How ptr arithmitic works??? It doesn't make any sense....

Mon Dec 5 14:17:53 UTC 2022

On Sunday, 4 December 2022 at 19:00:15 UTC, H. S. Teoh wrote:
> This is true only if you're talking about pointers in the sense 
> of pointers in assembly language.  Languages like C and D add 
> another layer of abstraction over this.
>
>
>> Another thing with pointers is that it doesn't have "types".
>
> This is where you went wrong.  In assembly language, yes, a 
> pointer value is just a number, and there's no type associated 
> with it.
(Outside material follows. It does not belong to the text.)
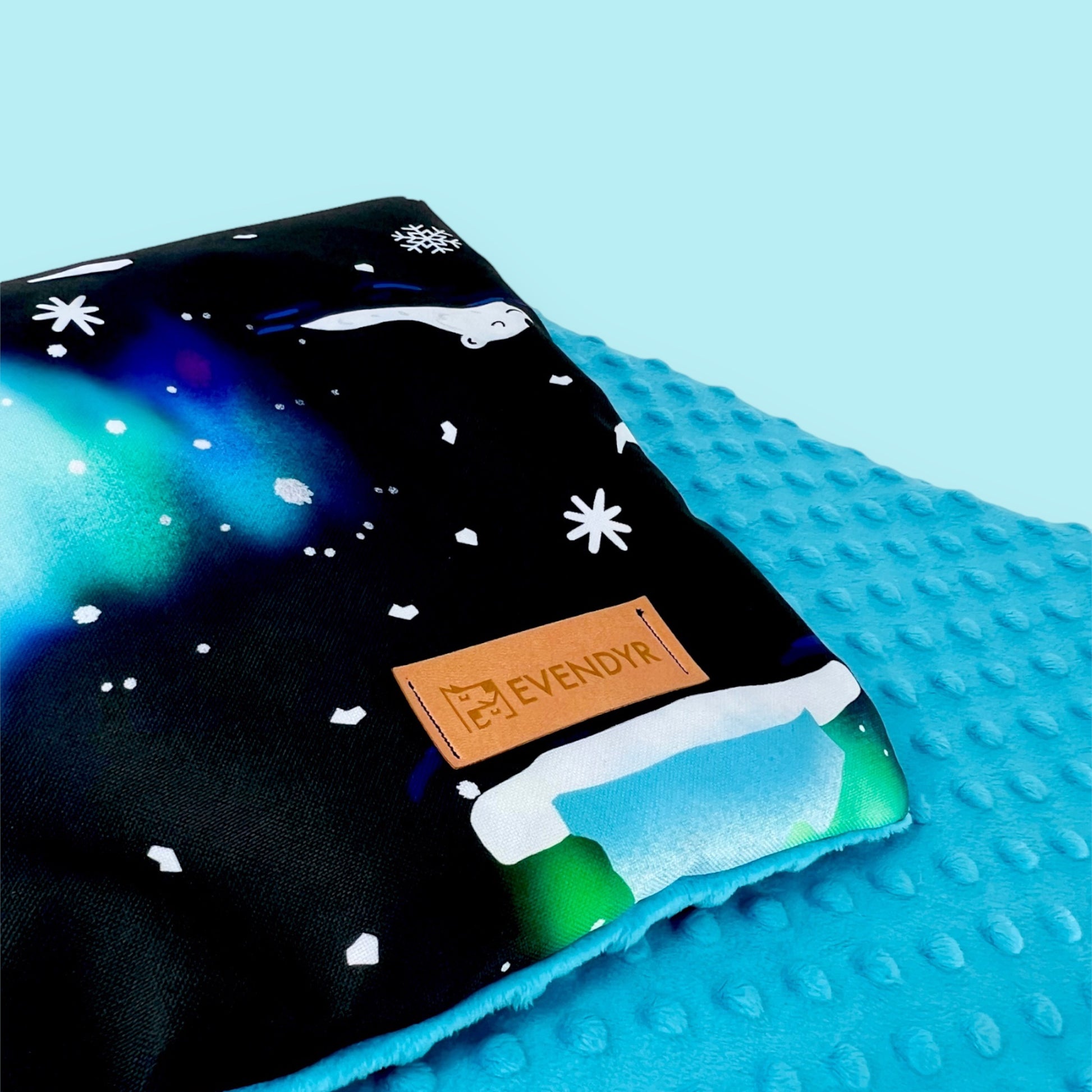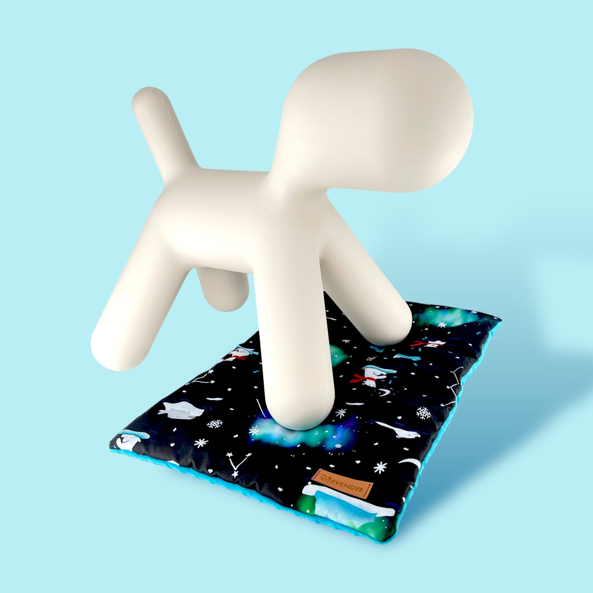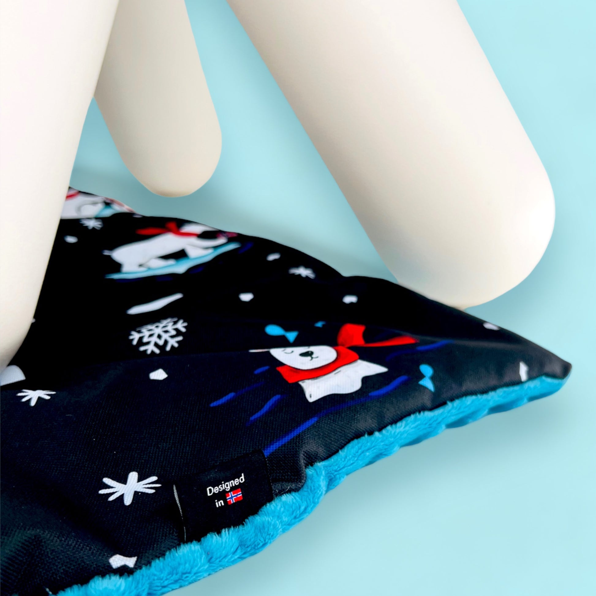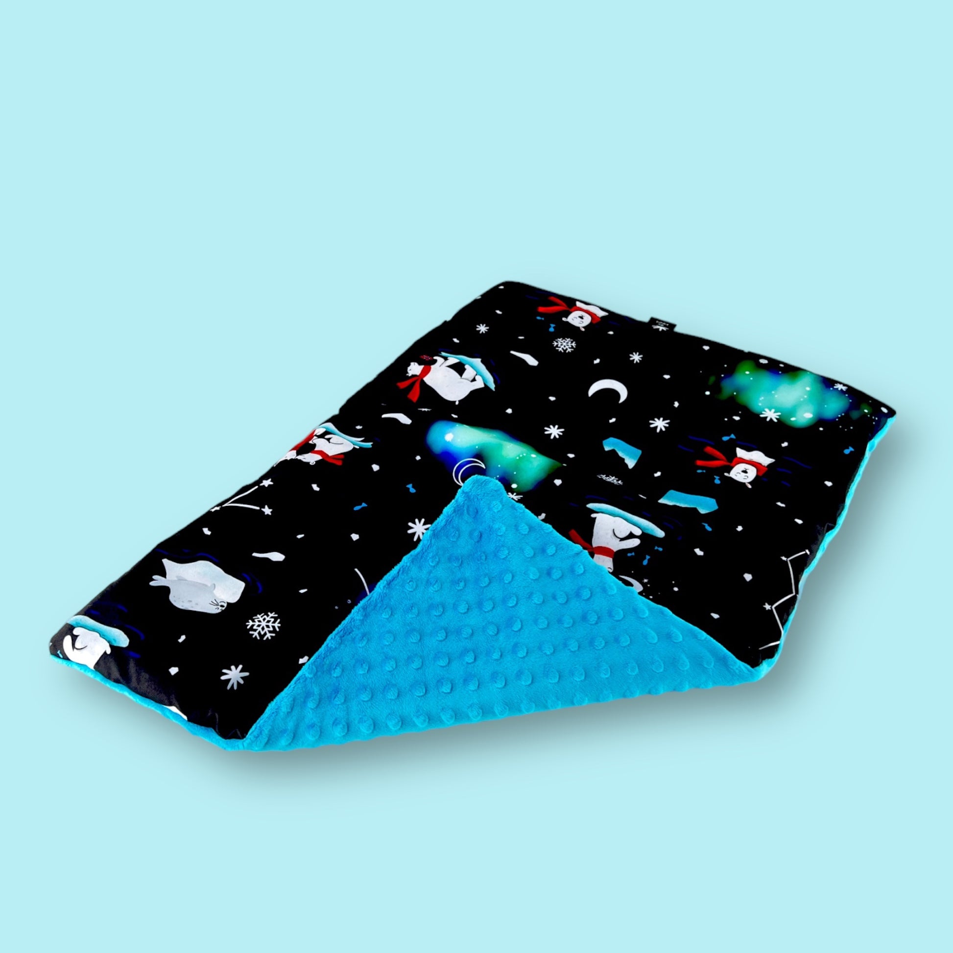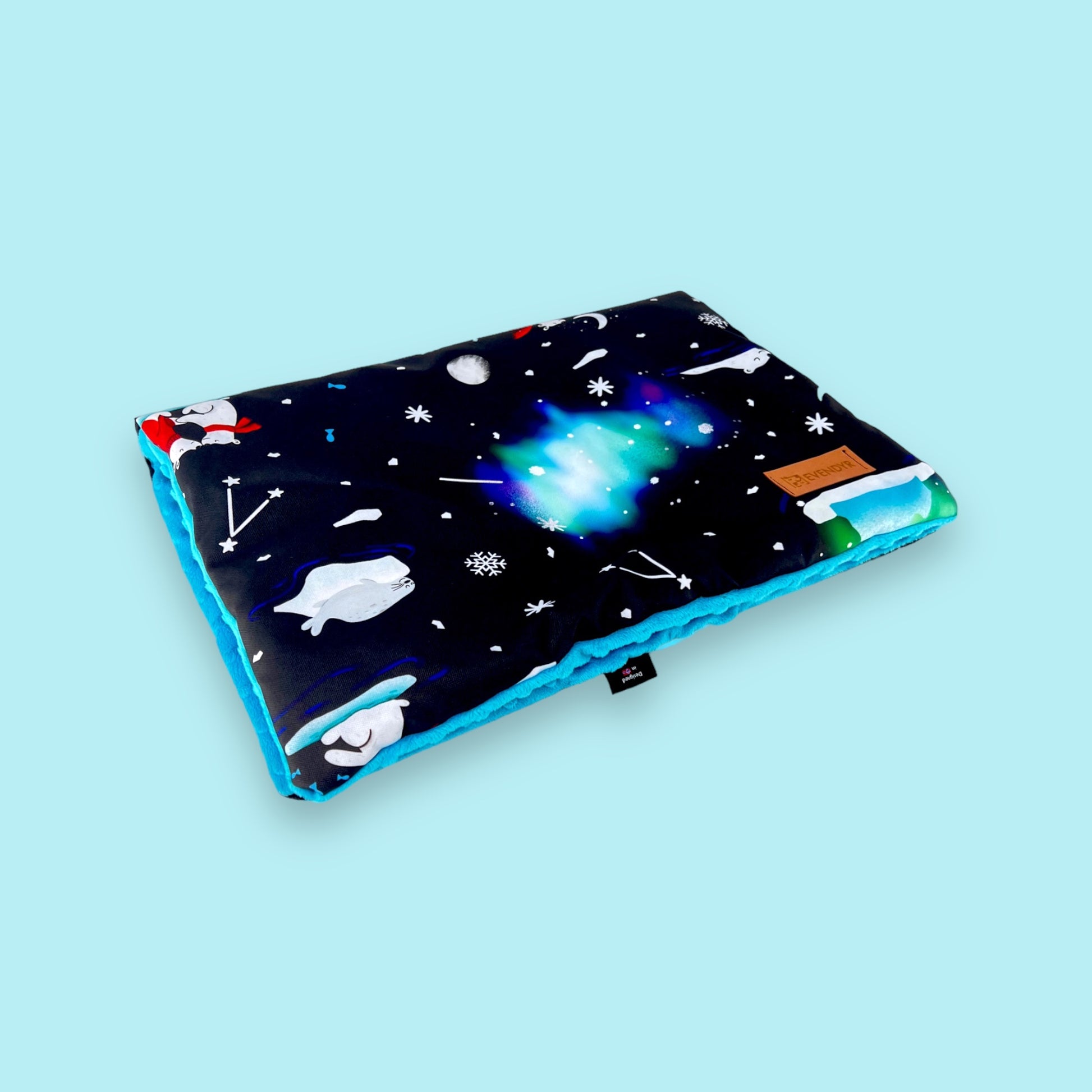 The top of the mat is a beautiful „Aurora PolarBears" pattern, one of our bestsellers. It is made of waterproof polyester that is easy to clean and does not "catch" dirt like other popular fabrics used for the production of dog beds. The bottom is made of soft and warm turquoise minky fabric.

However, experience has shown that manipulating 
> pointers at this raw, untyped level is extremely error-prone.  
> Therefore, in languages like C or D, a pointer *does* have a 
> type.  It's a way of preventing the programmer from making 
> silly mistakes, by associating a type (at compile-time only, of 
> course) to the pointer value.  It's a way of keeping track that 
> address 1234 points to a short, and not to a float, for 
> example.  At the assembly level, of course, this type 
> information is erased, and the pointers are just integer 
> addresses.  However, at compile-type, this type exists to 
> prevent, or at least warn, the programmer from treating the 
> value at the pointed-to address as the wrong type.  This is not 
> only because of data sizes, but the interpretation of data.  A 
> 32-bit value interpreted as an int is completely different from 
> a 32-bit value interpreted as a float, for example.  You 
> wouldn't want to perform integer arithmetic on something that's 
> supposed to be a float; the result would be garbage.
>
> In addition, although in theory memory is byte-addressable, 
> many architectures impose alignment restrictions on values 
> larger than a byte. For example, the CPU may require that 
> 32-bit values (ints or floats) must be aligned to an address 
> that's a multiple of 4 bytes.  If you add 1 to an int* address 
> and try to access the result, it may cause performance issues 
> (the CPU may have to load 2 32-bit values and reassemble parts 
> of them to form the misaligned 32-bit value) or a fault (the 
> CPU may refuse to load a non-aligned address), which could be a 
> silent failure or may cause your program to be forcefully 
> terminated. Therefore, typed pointers like short* and int* may 
> not be entirely an artifact that only exists in the compiler; 
> it may not actually be legal to add a non-aligned value to an 
> int*, depending on the hardware you're running on.
>
> Because of this, C and D implement pointer arithmetic in terms 
> of the underlying value type. I.e., adding 1 to a char* will 
> add 1 to the underlying address, but adding 1 to an int* will 
> add int.sizeof to the underlying address instead of 1. I.e.:
>
> 	int[2] x;
> 	int* p = &x[0];	// let's say this is address 1234
> 	p++;		// p is now 1238, *not* 1235 (int.sizeof == 4)
>
> As a consequence, when you cast a raw pointer value to a typed 
> pointer, you are responsible to respect any underlying 
> alignment requirements that the machine may have. Casting a 
> non-aligned address like 1235 to a possibly-aligned pointer 
> like int* may cause problems if you're not careful.  Also, the 
> value type of the pointer *does* matter; you will get different 
> results depending on the size of the type and any alignment 
> requirements it may have.  Pointer arithmetic involving T* 
> operate in units of T.sizeof, *not* in terms of the raw pointer 
> value.
>
>
> T

Wow! Seriously, thanks a lot for this detailed explanation! I 
want to write a compiler and this type of explanations that not 
only give me the answer but explain me in detail why something 
happens are a gift for me! I wish I could meet you in person and 
buy you a coffee. Maybe one day, you never know! Thanks a lot and 
have an amazing day!